Servings: 12 Servings

Prep Time: 30 Minutes

Bake Time: 40-55 Minutes

Chill Time: 3-5 Hours

Total Time: 4-6 Hours


Ingredients:


  • 900g Room Temp. Creamcheese

  • 6 Eggs

  • 340g White Sugar

  • 1 Tsp Salt

  • 1 1/2 Tsp Vanilla or Vanilla Bean Paste

  • 300g Full Fat Sour Cream

  • 150g Heavy Whipping Cream

  • 60g All-Purpose Flour


Instructions:


  1. Oven preheat options: For a runnier cheesecake, preheat oven to 465F. For a more well done cheesecake, preheat oven at 395F. (cook times described bellow). NOTE: I prefer a runnier cheesecake which is showcased in the photo of this recipe).

  2. In a stand mixer or large bowl, whisk cream cheese until fluffy then add in sour cream and mix again.

  3. Add sugar in two parts, mixing until combined and then mix in one egg at a time. Be sure to scrape the sides and bottom of the bowl to ensure that all the cream cheese mixture is incorporated.

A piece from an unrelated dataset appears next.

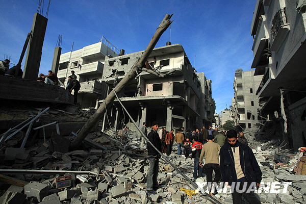 第二十天 以軍15日凌晨攻進加沙城南部,隨后向城中心推進。以軍F16戰(zhàn)機當(dāng)晚炸毀加沙城北部一棟三層住宅樓,炸死包括哈馬斯當(dāng)局內(nèi)政部長在內(nèi)的三名高級領(lǐng)導(dǎo)人。另外,聯(lián)合國近東巴勒斯坦難民救濟和工程處辦公地點當(dāng)天遭到以軍炮擊,加沙城南部的巴勒斯坦紅新月會辦公地點也遭襲。目前以軍行動已造成至少1095人死亡,超過5000人受傷。哈馬斯稱如果以色列在1周內(nèi)撤軍并立即重開加沙口岸,他們愿意實現(xiàn)一年甚至更長的;稹
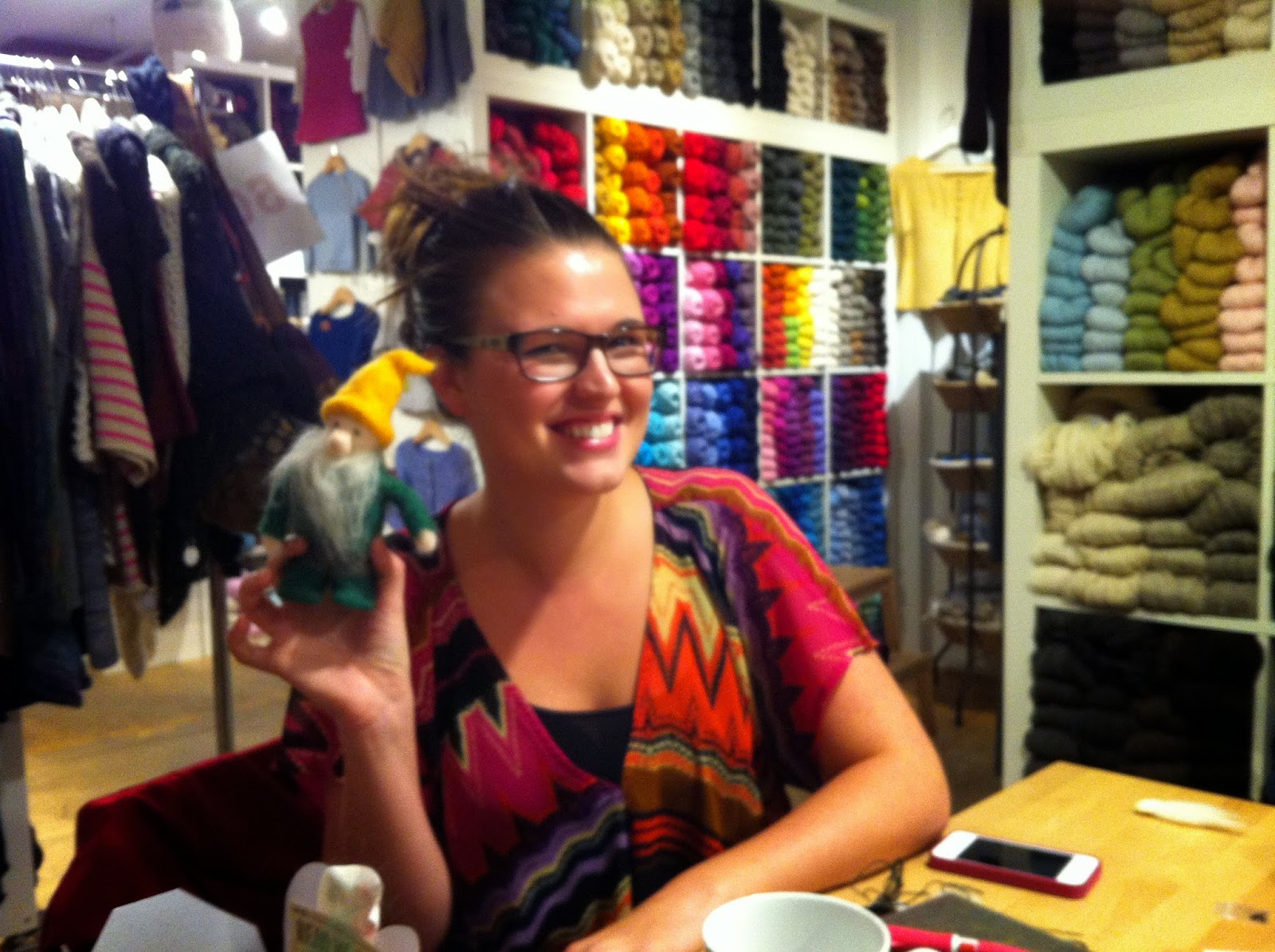 and finally this is our teacher - the lovely and talented Samantha who is holding this totally real looking gnome (admit it, you'd scream if you woke up and saw him at the foot of your bed) . Sam is a fiber genius. If there was a Superhero that improved peoples lives with knitted and felted stuff Sam would be it. Hey she already does that so I think I'll call her "Fiberwoman" (sorry Sam for when you read this!).

  4. Next, add salt, vanilla and heavy whipping cream and mix until smooth, again, making sure you scrape the bottom and sides of the bowl as you go.

  5. Pass the flour through a mesh sieve directly over the bowl of cream cheese goodness. The sieve will help to remove any lumps in the flour and will reward you with a smooth filling.

  6. Line a 10 -inch round spring form pan with butter then insert two layers of parchment paper inside, making sure you cover the edges of the pan completely so that batter doesnt run out. (PRO TIP: I like to scrunch each piece of parchment paper into a ball before lining my pan. This simply makes the paper more maliable.) (Note: The cheesecake batter will come up close to the edge of the dish, which is ok. I usually will place a baking sheet under my spring form pan before placing in the oven which makes it easier to transfer the cake in and out of the oven.)

  7. Pour your filling into the pan then tap the pan onto your counter top a few times to push any air bubles to the surface of your filing. The more air that is let out, the less rise you'll get in your cheesecake. The less it rises, the less likely it will crack the surface of your cake. (Note: craking can also occur if you over bake your cheesecake.)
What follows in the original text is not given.